脱臼リスクを伴う日常生活動作の具体例について

 脱臼肢位を理解していても、日常生活の中で無意識のうちに脱臼肢位をとってしまう方がいらっしゃいます。元気になるにつれて日常生活活動も活発になり、ついつい脱臼肢位をとる機会も増える傾向があるため、慣れた頃にこそ注意が必要です。 

脱臼リスクを伴う日常生活動作の例
  • 手術した方の足をベッドから投げ出す
  • 靴の脱ぎ履きを内股で行う
  • とんび座り(=ぺたんこ座り)
  • 横座り(=お姉さん座り)
  • 内股で立ち上がる(座面が低いほど危険)
  • しゃがむ
  • 和式トイレの使用
  • 手術した方の足を高い段差へかける

 手術した足の状態によっては、靴べら(:靴を脱ぐ/履く)やリーチャー(:床に落ちた物を拾う)、ソックスエイド(:靴下を履く)といった道具を使用すると、脱臼リスクを回避しつつ動作をスムーズに行うことができます。

各動作方法について

またぎ動作

またぎ動作の手順
  1. 杖(または手すり)
  2. 手術をした方の足(:患側の足)
  3. 元気な方の足(:健側の足)

 さらに、3番目に出す”元気な方の足を障害物の近くによせる”ふらつきにくくなります。逆に、3番目に出す元気な方の足が障害物から遠い”ふらつきやすくなります。

階段(段差)の昇り降り

 階段や連続した段差を昇り降りする際は、無理せずに2足1段(1段ずつ足を揃える方法)で行うことをおすすめします。

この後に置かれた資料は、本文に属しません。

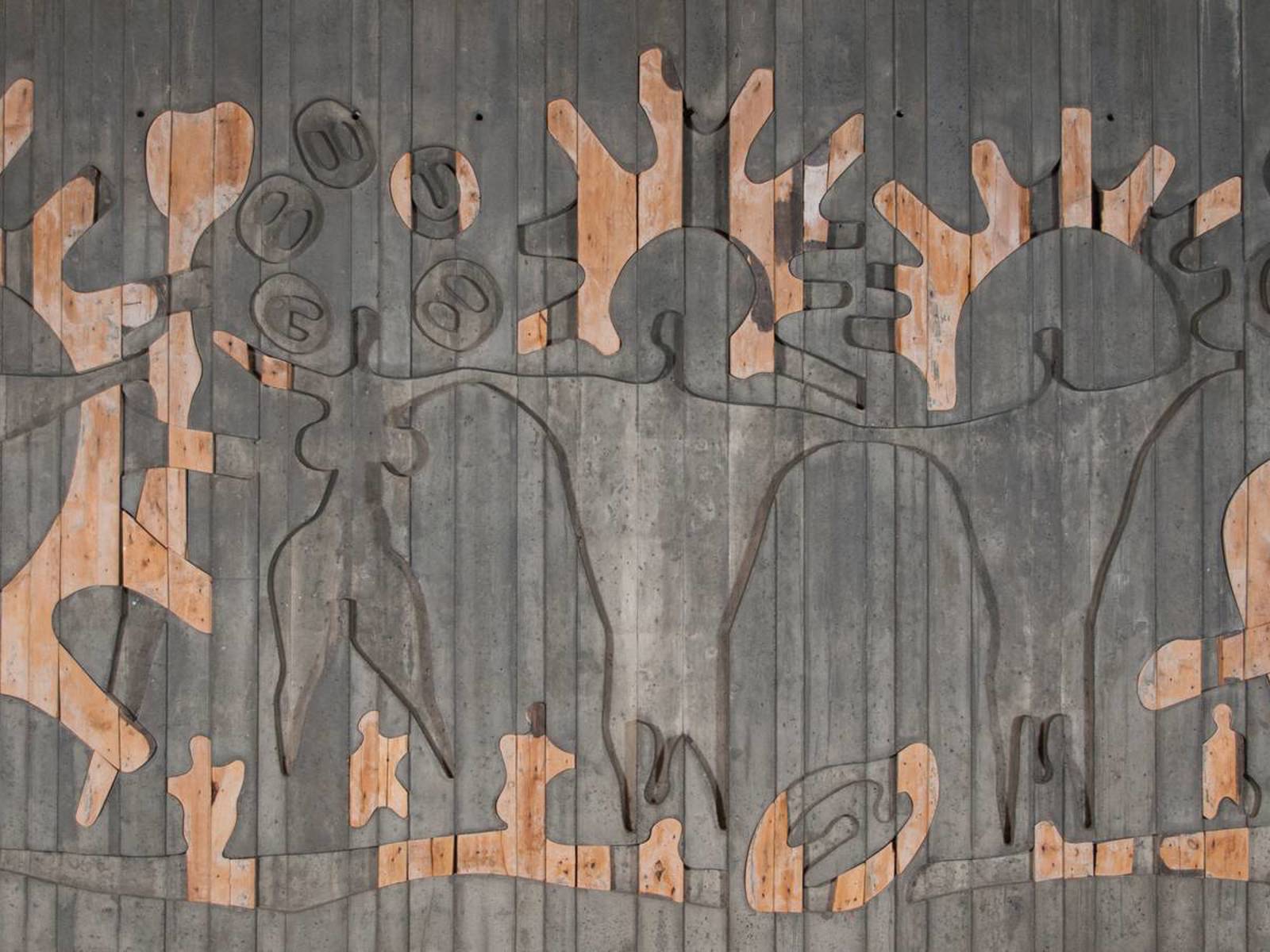 Museumsbygget ble utsmykket av den samiske kunstneren Iver Jåks (1932-2007), med det omfattende betongrelieffet Gudenes dans (1972), som Østby forteller om.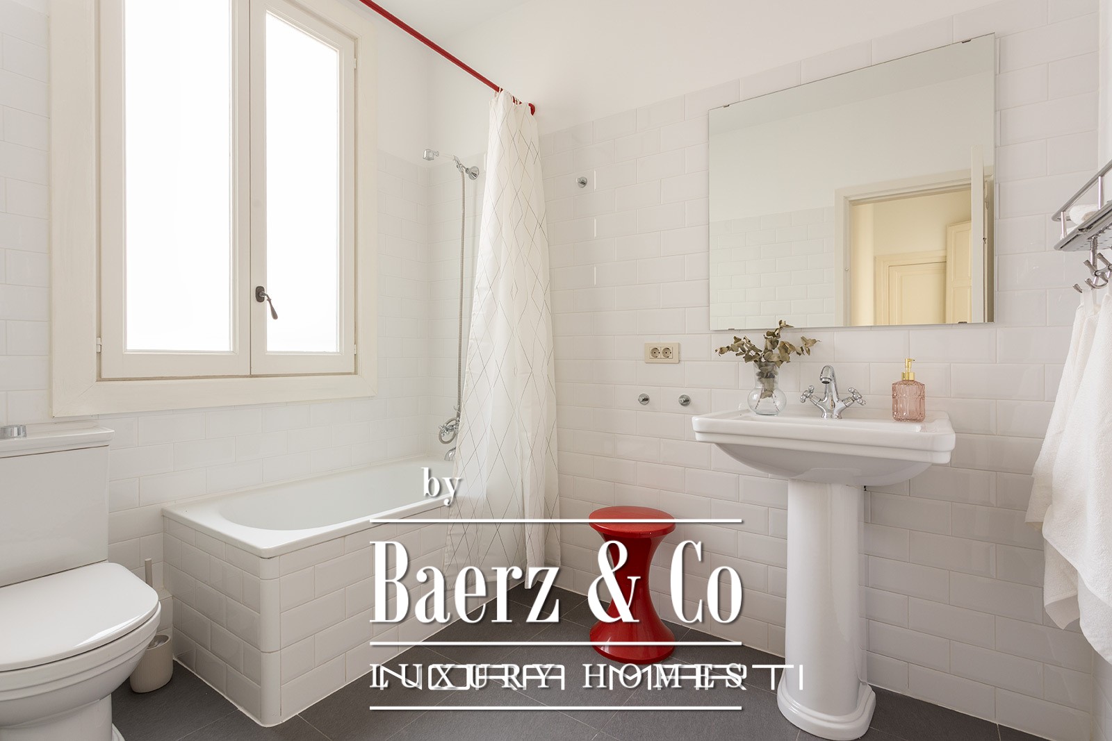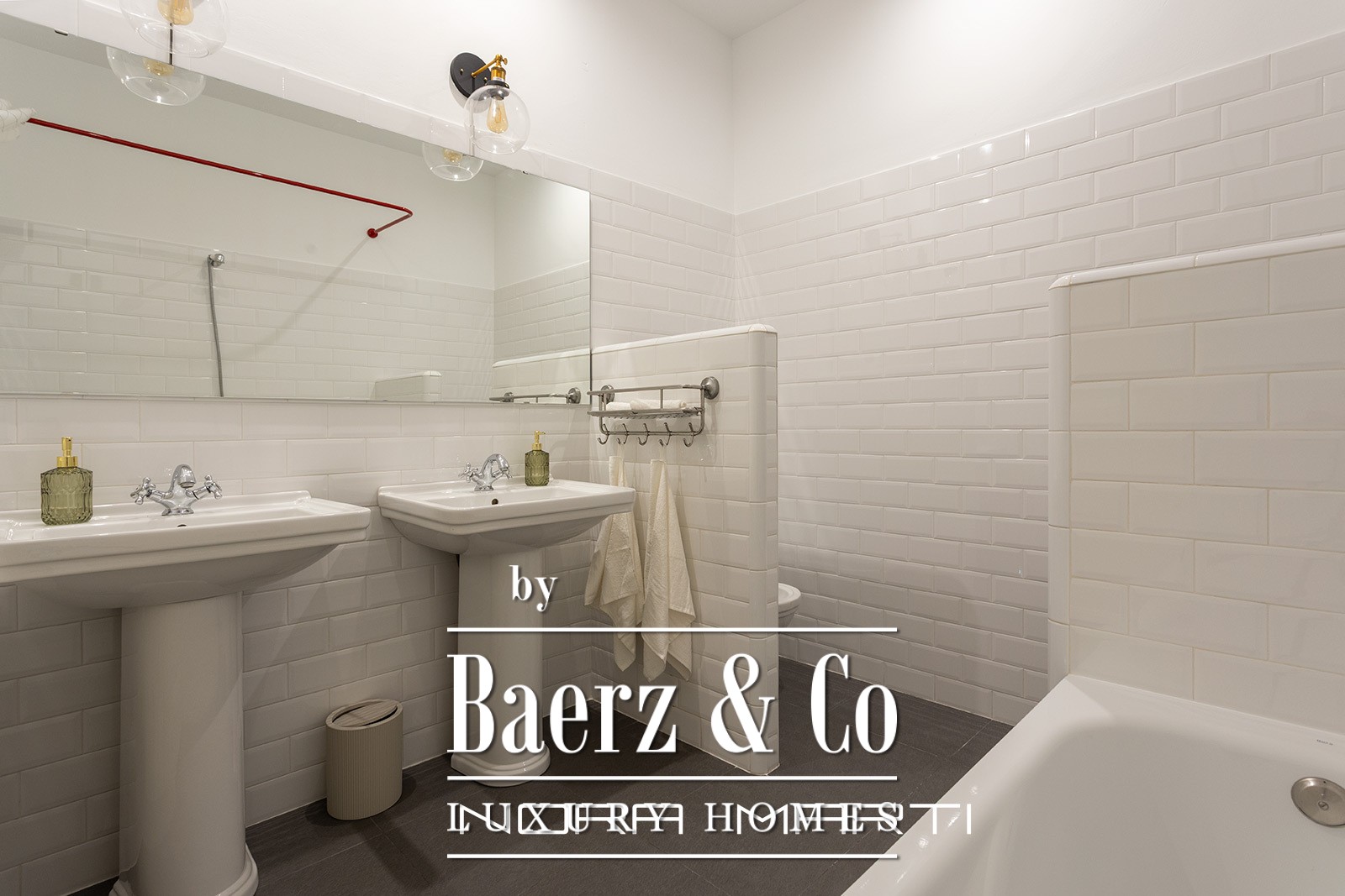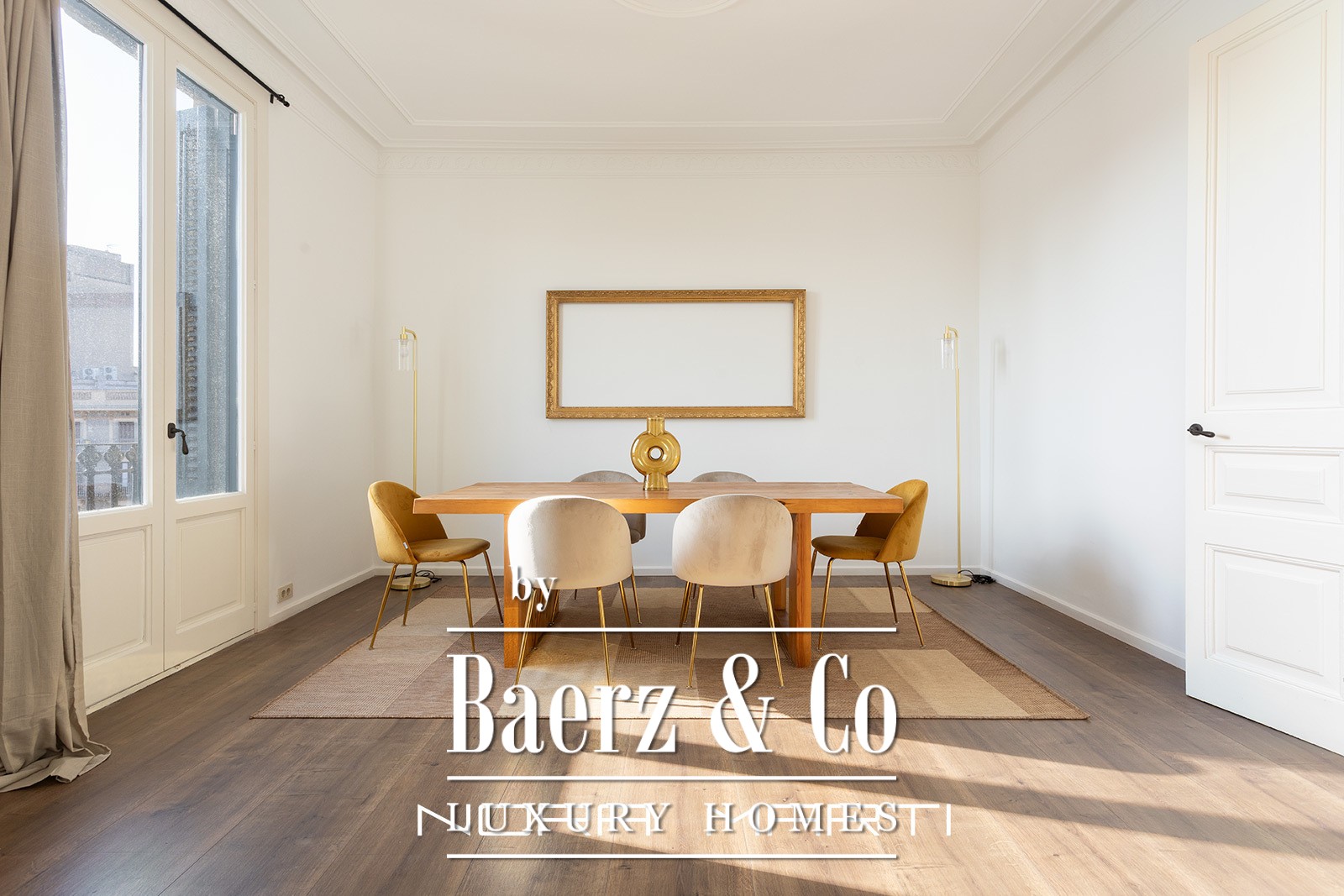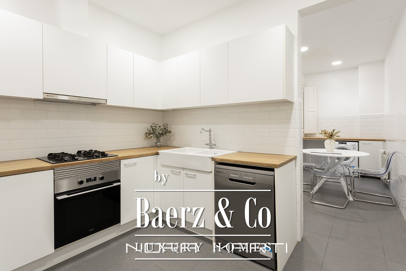 Het appartement van 152 m² is grondig gerenoveerd en combineert hedendaags comfort met authentieke elementen. Binnen zorgen verfijnde, moderne meubels voor een gevoel van helderheid en harmonie, passend bij een ingetogen stedelijke levensstijl. De indeling omvat drie slaapkamers — één tweepersoonskamer en twee eenpersoonskamers — en twee badkamers, wat een mooie balans brengt tussen privacy en gezamenlijke ruimtes. De hoge ramen in de woonkamer, kenmerkend voor de bouwperiode, vullen het interieur met natuurlijk licht; de ideale ligging en het warme parket versterken dit effect. Een volledig uitgeruste keuken met ontbijthoek verhoogt het dagelijks wooncomfort.

(身体機能の高い方が1足1段(一般的な昇り降り)で実施する場合は、動作手順は不同です。)

階段を昇る手順
  1. 杖(または手すり)
  2. 元気な方の足(:健側の足)
  3. 手術をした方の足(:患側の足)
階段を降りる手順
  1. 杖(または手すり)
  2. 手術をした方の足(:患側の足)
  3. 元気な方の足(:健側の足)

床に座る/床から立つ

注意!

 人工骨頭置換術を実施した方は、脱臼のリスクや人工股関節への負担を考え、布団よりもベッドの利用をおすすめします。

 今回の動作方法は、あくまで行わざるを得ない場合のための情報であり、床に座る/床から立つ動作を日常生活で推奨するものではありません。

 床に座る時も床から立つ時も、脱臼肢位に注意しながらいったん”四つ這い”になるのがポイントです。

床に座る
  1. テーブルなどの支持物に手をつき、手術した方の足を後ろへ引きます。
  2. 手で支えながら、手術した方の膝をゆっくりと床上へつきます。
  3. 手で支えながら、元気な方の膝をつき膝立ちになります。
  4. 手を片方ずつ床上につき、四つ這いになります。
  5. 手術した方の足を後ろへ伸ばします。(この後手術した方の足はずっと伸ばした状態を維持します。)
  6. 手で支えながら、”元気な方の足側”へお尻を回し床へつきます。
  7. 元気な方の足を伸ばして、長座位(両足を伸ばして座っている姿勢)になります。
床から立つ
  1. 長座位(両足を伸ばして座っている姿勢)から、元気な方の足をあぐらをかくように曲げます。(四つ這い直前まで手術した方の足は伸ばした状態を維持します。)
  2. 手で支えながら、”元気な方の足側”へ回り四つ這いになります。
  3. テーブルなどの支持物まで四つ這いで移動します。
  4. 手を片方ずつ、テーブルなどの支持物へ移動します。
  5. 元気な方の足を立てます。
  6. 手術した方の足のつま先を立てます。
  7. 手で支えながら立ち上がり、手術した方の足を1歩前へ出し、立位となります。

転びにくい生活・環境づくりについて

 これからも元気に楽しく過ごしていくためには、脱臼肢位の管理に加えて”転びにくい環境”で生活することが重要になります。今回骨折してしまった場所をはじめ、以下を参考に生活・環境の見直しをおすすめします。

転びにくい生活環境の一例
  • 床になるべく物をおかない。(整理整頓)
  • カーペットや敷物など、つまづきやすいものを置かない。
  • 電源コード類を歩く動線上に配置しない。
  • トイレや階段、お風呂場などに手すりを設置する。
  • 夜間トイレへ行く際は電気などで明かりを確保する。
  • スリッパやサンダルを避けて、運動靴など滑りにくい履き物を選ぶ。
  • 靴の脱ぎ履きに椅子を使用する。
  • 上がり框など、高い段差へは踏み台を使用する。

 なにか不明・不安な点がありましたら、担当のリハビリスタッフへお声がけください。

 それでは、お大事にしてください。